燃烧的黑火、宁静的水波、水火阴阳鱼……一切没什么不同,除了新添的不速之客。
火海中探出的菜鸟脑袋也在好奇盯着,古旧的浊书仿佛变得崭新,散发着柔和的微光,勾勒出一道寸长的人形虚影。
虚影坐在书封上,飘到辛涣面前。
“辛成涣,你好。”
心脏骤然一缩。
就是这个声音!
那些不是幻觉?叫他辛成涣,还有……凌恪没有死?
巨大的冲击没有让他失态,却似乎引发了躯体的不适,下肋隐隐抽痛起来,他屏住呼吸试图冷静,头脑却还不够清醒。
这虚影又是什么东西?浊书的意识体?
“你是……旻?”
曾经与他对话的浊书自称为旻,将毫无改变的剧情呈现在他面前还不够,它又想做什么?
痛恨和愤怒在辛涣眼中凝成血丝,神识中心的阴阳鱼遽然分化,他不介意,拼着神识再次受损,也要让浊书付出代价。
“等等,不是!”虚影急忙开口,连同古书瞬间平移开去,“我才不是那个坏家伙!”
又是,什么把戏?
辛涣眼角跳了跳,虚影没有五官,看不出表情,但听语气是激烈的反对。
他不说话,虚影又道:“我是沴,是我把你从地球带过来的。”
地球……又一个意料之外的,他以为永远不会再听到的词。
太多的疑问将他淹没,思潮翻涌,他已精疲力尽,却不能不强打精神追究。
穿越……难道不是偶然?
辛涣慢慢地深吸口气:“你为什么,把我带来这里?”
“别急,我会告诉你的。”虚影答道,“这件事要从遗洲和上界的纠葛说起。”
辛涣平复着心情,等待它的讲述。
“之前你看到的,是旻的说法,上界是遗洲修士的飞升之地,但其实,在上界修士眼中,遗洲只是他们圈养的斗兽之场。
氏族时期,几乎每族背后都有上界势力的影子。为了减少上界的流血纷争,他们将遗洲当作交锋场,以百城为棋盘,氏族为棋子,肆意挑起争斗厮杀,逼迫氏族交战,而作为执棋者的上界势力,赢家通吃,兵不血刃。”
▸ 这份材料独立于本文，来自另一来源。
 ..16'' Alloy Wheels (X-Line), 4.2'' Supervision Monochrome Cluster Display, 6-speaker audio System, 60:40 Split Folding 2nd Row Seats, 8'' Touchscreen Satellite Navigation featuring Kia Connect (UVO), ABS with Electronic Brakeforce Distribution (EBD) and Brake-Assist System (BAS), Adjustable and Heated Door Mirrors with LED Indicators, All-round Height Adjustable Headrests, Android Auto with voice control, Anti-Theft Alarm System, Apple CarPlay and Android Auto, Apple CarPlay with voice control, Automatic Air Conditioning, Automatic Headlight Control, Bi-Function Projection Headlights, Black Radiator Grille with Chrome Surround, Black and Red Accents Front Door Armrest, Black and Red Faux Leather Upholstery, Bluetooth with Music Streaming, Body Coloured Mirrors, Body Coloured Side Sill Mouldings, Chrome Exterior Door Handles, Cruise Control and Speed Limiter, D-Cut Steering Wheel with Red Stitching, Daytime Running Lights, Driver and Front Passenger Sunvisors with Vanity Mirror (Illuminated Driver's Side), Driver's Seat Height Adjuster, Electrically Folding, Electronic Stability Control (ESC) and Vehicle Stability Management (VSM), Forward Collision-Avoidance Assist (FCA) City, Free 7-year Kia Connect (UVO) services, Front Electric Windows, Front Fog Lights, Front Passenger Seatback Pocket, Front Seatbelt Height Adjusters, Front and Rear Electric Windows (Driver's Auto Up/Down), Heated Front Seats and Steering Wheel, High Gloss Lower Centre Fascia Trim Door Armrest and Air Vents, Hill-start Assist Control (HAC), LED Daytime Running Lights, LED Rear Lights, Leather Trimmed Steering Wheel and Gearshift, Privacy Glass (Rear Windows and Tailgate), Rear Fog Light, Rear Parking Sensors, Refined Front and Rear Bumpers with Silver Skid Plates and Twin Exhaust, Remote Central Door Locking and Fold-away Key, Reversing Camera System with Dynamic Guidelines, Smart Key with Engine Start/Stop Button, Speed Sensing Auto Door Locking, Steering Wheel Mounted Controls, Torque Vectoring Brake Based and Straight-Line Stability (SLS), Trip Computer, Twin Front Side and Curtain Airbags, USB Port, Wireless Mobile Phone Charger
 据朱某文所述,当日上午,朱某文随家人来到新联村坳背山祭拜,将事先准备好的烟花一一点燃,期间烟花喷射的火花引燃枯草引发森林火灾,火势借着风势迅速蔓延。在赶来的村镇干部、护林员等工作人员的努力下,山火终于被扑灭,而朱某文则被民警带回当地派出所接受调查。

通天之路也是一场骗局,遗洲修士,一开始修炼的神力就有缺陷,到了上界,依然是被操纵的棋子!”
沴所说的,与旻截然相反。
且不论孰真孰假,但能确定的是,他们对立的立场。
两相评判,辛涣初步的倾向,是相信沴。
“所以,楚前辈才斩断了通天之路?”
“是,但上界并不肯放弃遗洲。”沴又说道,“通天之路虽断,仍有重新连通的可能,上界在最后关头送下浊书,目的就是为此。”
辛涣知道,这是旻的目的,也是叶琅的目的。
那么沴的目的……“你想要阻止他们?”
沴点了点头:“不能再让遗洲落入上界掌控!”
辛涣打量与浊书几乎一体的虚影:“你和浊书是什么关系?”
沴答道:“我与旻都是浊书承载的意识,你可以理解为,一体双识。”
“浊书原本只有上界意志,也就是旻,因渡界损伤太重,到了遗洲之后陷入沉眠,在此期间受遗洲之气养蕴,诞生了我,我是遗洲的世界意志。”
“你和旻,只能现身一个?”
沴点头,又摇头:“我和旻是死敌,就算同时出现也会一直争斗,直到一方落败,现在因为他耗尽力量沉睡,我才能苏醒。”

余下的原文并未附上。